The original question: Let $\vec{q}$ be a unit vector $( \vec{q} \in \mathbb{R}^{n}, \left \| q \right \|=1 )$ and suppose that $\vec{q} \ne \vec{e}_{1}$ . Let $\vec{a} = \vec{q}-\vec{e}_{1}$ ​ and $H_{\vec{a}}$ be the Householder matrix generated by the vector $\vec{a}$. Prove that the first column of $H_{\vec{a}}$ is the vector $\vec{q}$.
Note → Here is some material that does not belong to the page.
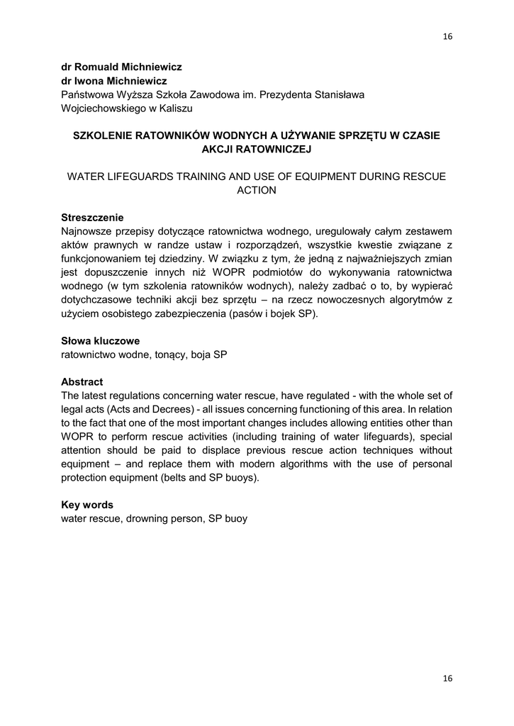 16 dr Romuald Michniewicz dr Iwona Michniewicz Państwowa Wyższa Szkoła Zawodowa im. Prezydenta Stanisława Wojciechowskiego w Kaliszu SZKOLENIE RATOWNIKÓW WODNYCH A UŻYWANIE SPRZĘTU W CZASIE AKCJI RATOWNICZEJ WATER LIFEGUARDS TRAINING AND USE OF EQUIPMENT DURING RESCUE ACTION Streszczenie Najnowsze przepisy dotyczące ratownictwa wodnego, uregulowały całym zestawem aktów prawnych w randze ustaw i rozporządzeń, wszystkie kwestie związane z funkcjonowaniem tej dziedziny. W związku z tym, że jedną z najważniejszych zmian jest dopuszczenie innych niż WOPR podmiotów do wykonywania ratownictwa wodnego (w tym szkolenia ratowników wodnych), należy zadbać o to, by wypierać dotychczasowe techniki akcji bez sprzętu – na rzecz nowoczesnych algorytmów z użyciem osobistego zabezpieczenia (pasów i bojek SP). Słowa kluczowe ratownictwo wodne, tonący, boja SP Abstract The latest regulations concerning water rescue, have regulated - with the whole set of legal acts (Acts and Decrees) - all issues concerning functioning of this area. In relation to the fact that one of the most important changes includes allowing entities other than WOPR to perform rescue activities (including training of water lifeguards), special attention should be paid to displace previous rescue action techniques without equipment – and replace them with modern algorithms with the use of personal protection equipment (belts and SP buoys). Key words water rescue, drowning person, SP buoy 16 17 Wstęp W ratownictwie medycznym od dawna głoszona jest teoria, że ratując czyjeś życie należy przede wszystkim zadbać o to, by nie doszło do podwójnej tragedii. Ta zasada winna być w pełni stosowana także w ratownictwie wodnym. Jednakże nie zawsze jest tak, że życie ratownika stawia się na pierwszym miejscu (Graham, 2005). Każda akcja ratunkowa niesie ryzyko dla ratownika. Ratownicy wodni znajdują się w szczególnie trudnym środowisku, gdyż już sama woda (z pominięciem zagrożenia ze strony osoby tonącej) stanowi niebezpieczeństwo i zwiększa prawdopodobieństwo utraty zdrowia i życia dla wszystkich uczestników wypadku (ofiary i ratującego). Autorom niniejszego tekstu trudno zgodzić się z poglądami wyrażanymi w części polskich publikacji, że „podczas prawidłowo wykonanej akcji ratunkowej nie istnieje w zasadzie obawa uchwycenia ratownika przez tonącego” (Błasiak, Chadaj, Kurek, 2001). Takie twierdzenia pogłębiają bowiem przekonanie wśród ratowników o braku zagrożenia i łatwości udzielania pomocy tonącemu (Michniewicz, Michniewicz, 2011). A przecież istnieją badania naukowe (Dahl, Miller, 1979; Michniewicz, 2011), które obalają ten mit. Szkoleniem ratowników wodnych w Polsce zajmowała się dotychczas jedna organizacja – Wodne Ochotnicze Pogotowie Ratunkowe. To od standardów stosowanych przez WOPR (w tym przede wszystkim programów kursów) zależała jakość przygotowania każdego ratownika. Od 21 czerwca 2012 roku obowiązują jednak zupełnie nowe przepisy, do których muszą zastosować się wszystkie podmioty (dopuszczone przez Ministerstwo Spraw Wewnętrznych, w konsekwencji zmian w prawie wprowadzonych Ustawą o bezpieczeństwie osób przebywających na obszarach wodnych). Należy zatem zadbać, aby każdy aktywny zawodowo ratownik, niezależnie od tego kiedy ukończył szkolenie, miał co najmniej porównywalne, podstawowe umiejętności (i wiedzę). Najnowsze zmiany w szkoleniach ratowników Zmieniające się zalecenia medyczne, doskonalone techniki pływackie czy wprowadzany nowoczesny sprzęt, wymuszają konieczność dostosowywania wymogów szkolenia do pojawiających się potrzeb. Modyfikacji ulegają zarówno niektóre głoszone wcześniej poglądy – choćby w odniesieniu do akcji bez sprzętu (wcześniej uznawano ją za trudną ale wykonalną, obecnie teoria ta jest wypierana na rzecz akcji ze sprzętem), nadawanych uprawnień i nauczanych technik. Przez długi czas ratownicy WOPR mogli uzyskać uprawnienia w rozbiciu na pięć stopni (od młodszego ratownika do instruktora wykładowcy – bez podziału na akwen), od 2010 roku do wejścia w życie nowych przepisów1 – było to dziewięć stopni (od młodszego ratownika do instruktora wykładowcy – z dużym rozszerzeniem na rodzaj akwenu). Obecnie są to jedynie dwa stopnie: ratownik i instruktor. Ustawa z dnia 18 sierpnia 2011 r. o bezpieczeństwie osób przebywających na obszarach wodnych (Dz. U. Nr 208, poz. 1240) oraz Rozporządzenie Ministra Spraw Wewnętrznych z dnia 21 czerwca 2012, w sprawie szkoleń w ratownictwie wodnym (Dz. U. 2012 poz. 747) 1 17 18 Koniecznością dopełniającą uprawnienia ratownika wodnego jest posiadanie ukończonego kursu z kwalifikowanej pierwszej pomocy (KPP), co wynika z art. 13 ust. 1 ustawy z dnia 8 września 2006 r. o Państwowym Ratownictwie Medycznym. Bez posiadania dokumentu potwierdzającego odbycie kursu i pozytywne zdanie egzaminu końcowego KPP, żaden podmiot szkolący ratowników wodnych nie powinien nadawać im stopnia ratownika. Zgodnie z przytoczonym zapisem Ustawy o Państwowym Ratownictwie Medycznym, ratownikiem może być osoba: 1) posiadająca pełną zdolność do czynności prawnych; 2) zatrudniona lub pełniąca służbę w jednostkach współpracujących z systemem, o których mowa w art. 15, lub będąca członkiem tych jednostek; 3) posiadająca ważne zaświadczenie o ukończeniu kursu w zakresie kwalifikowanej pierwszej pomocy, zwanego dalej "kursem", i uzyskaniu tytułu ratownika. Spełnianie tych wymogów jest podyktowane zapisem art. 2 ust.5 ustawy z dnia 18 sierpnia 2011 r. o bezpieczeństwie osób przebywających na obszarach wodnych (Dz. U. Nr 208, poz. 1240) w brzmieniu: Ilekroć w ustawie jest mowa o: (…); ratowniku wodnym — rozumie się przez to osobę posiadającą wiedzę i umiejętności z zakresu ratownictwa i technik pływackich oraz inne kwalifikacje przydatne w ratownictwie wodnym i spełniającą wymag

I understand that I have some vector $a$, which is the difference between two unit vectors, generating a Householder reflection. I need to show that $a$ plus $e_{1}$ is equal to the first column of $H_{a}$, which I can output by multiplication of the reflector and $e_{1}$. I feel like I am missing a basic principle here but I have wrestled with this for a few days and need some help.

  • 0
    I have gotten farther with this problem now. $\vec{a}$ is the difference of q and $e_{1}$ so $a^{t}a$ will always be 2. I'm not sure how to express it mathematically, but $a^{t}a$ is the dot product of $a$ with itself or the sum of each term squared, so the first element of $a$ will be $q_{1} - 1$ and sum of every other term will be $q - q_{1}$ and I know that in $a^{t}a$ those along with the first term will sum to 2.2017-02-20
  • 0
    Also, I see that $aa^{t}$ multiplied by the $e_{1}$ vector produces the first column of $aa^{t}$ and the first column is a reflection of $a$, $-a$. I'm sure that is because the first element, again, is $q - 1$, but need to write that mathematically.2017-02-20

0 Answers 0